All-business Urban Meyer out to complete 3rd championship mission

From Notre Dame gig till now, Urban Meyer's intensity has been clear.

Lou Holtz needed a receivers coach, and son Skip had a recommendation: Talk to Urban Meyer.

Holtz shook his head. He already had someone in mind for the job.

Skip Holtz kept pushing.

"I said, 'Skip, I appreciate it, but I don't wish to talk to someone else,'" Holtz recalled in a telephone interview. "After a while, I got mad. He said, 'OK, will you have lunch with me tomorrow?' "

The year was 1996, and Holtz was about to embark on his 11th season at Notre Dame.

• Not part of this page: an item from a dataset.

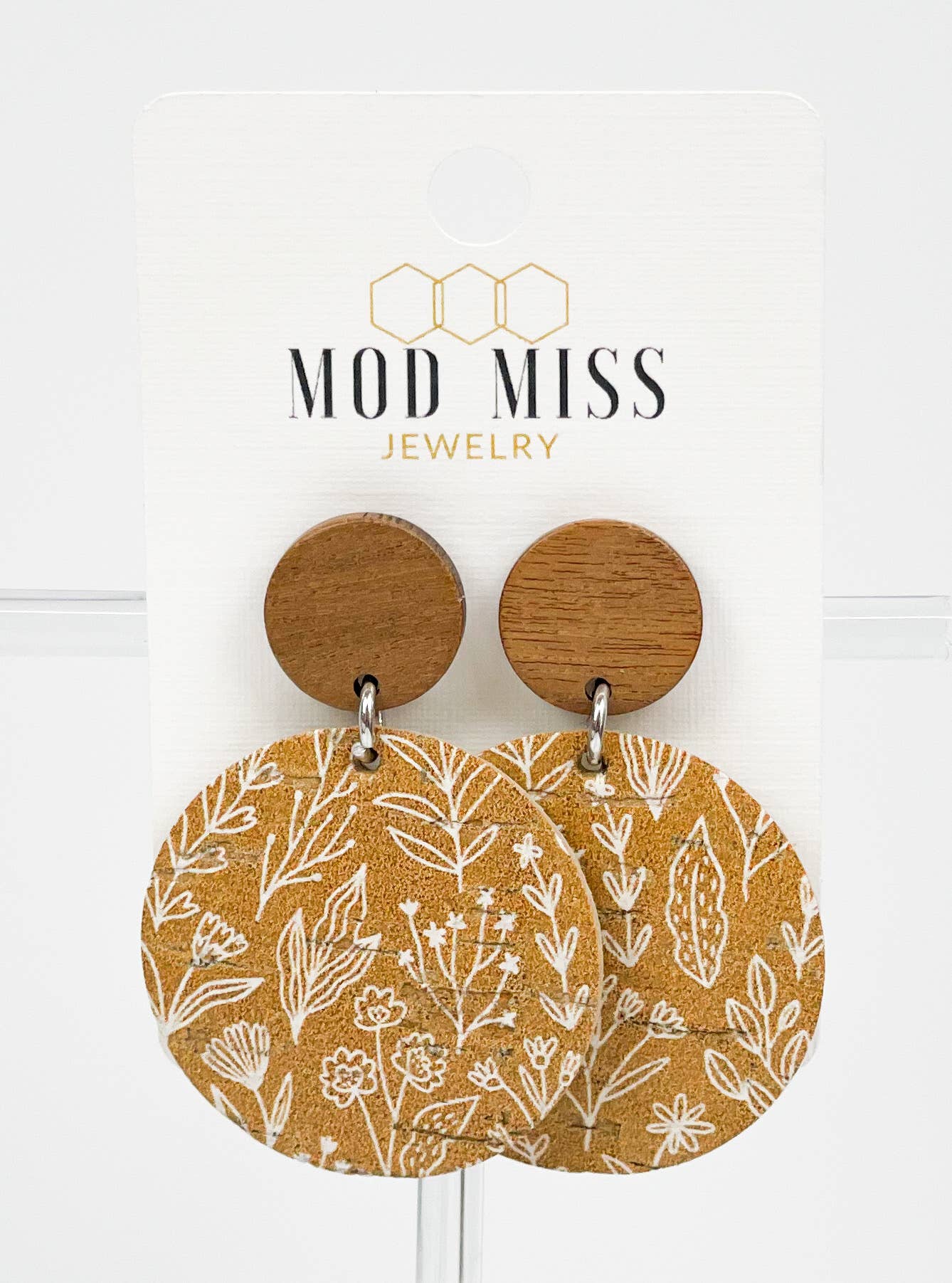 2-inch Round Cork + Leather attached to a 10mm natural wood accent. Lead and nickel free. Please note that due to different grains in the wood and cork, not all pieces will match 100% but we do our best to make sure they look compatible.

Holtz was flying out the next afternoon from a coaches convention in New Orleans, but he agreed to meet his son for a quick bite in the lobby.

Playing matchmaker, Skip also invited Meyer.

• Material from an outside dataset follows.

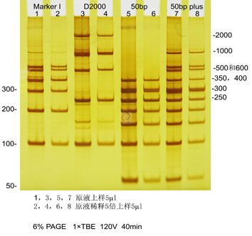for Nucleic Acids)是一種快速簡單、可用于聚丙烯酰胺凝膠中的核酸檢測的試劑盒。該方法檢測靈敏度比 EB 高達 200 倍,能檢測到10ng的 DNA條帶,常用于檢測 SSR 標記、SNP 標記等。

"I introduced the two and they started talking ball," Skip told the Tribune. "It took off. Urban did it; he sold himself as he does so well."

That's how Meyer landed at Notre Dame, where he remained for five years under Holtz and then Bob Davie.

"He was a very intense individual but also great with players," said the elder Holtz, now an ESPN analyst. "He's a leader, someone with a vision and a plan to get there."

Meyer bonded with Skip Holtz after replacing Skip as the receivers coach at Colorado State in 1990. (Skip left to work for his father at Notre Dame.)

"Urban and I developed a relationship," said Skip Holtz, now the head coach at Louisiana Tech. "We'd talk ball, get in the room and draw up routes, meet up at conventions. Football joins us."

I first met Meyer, whose Ohio State Buckeyes will take on Oregon in Monday's national title game, at a Notre Dame preseason golf outing in 1996. We were paired with two other media members.

"Who are you?" he asked.

"Teddy Greenstein. I cover you guys for the Chicago Tribune."

"You for us or against us?" he shot back.

Years later, when I went to Salt Lake City to do a piece on his undefeated Utah team, Meyer greeted me with this: "How much time do you need?"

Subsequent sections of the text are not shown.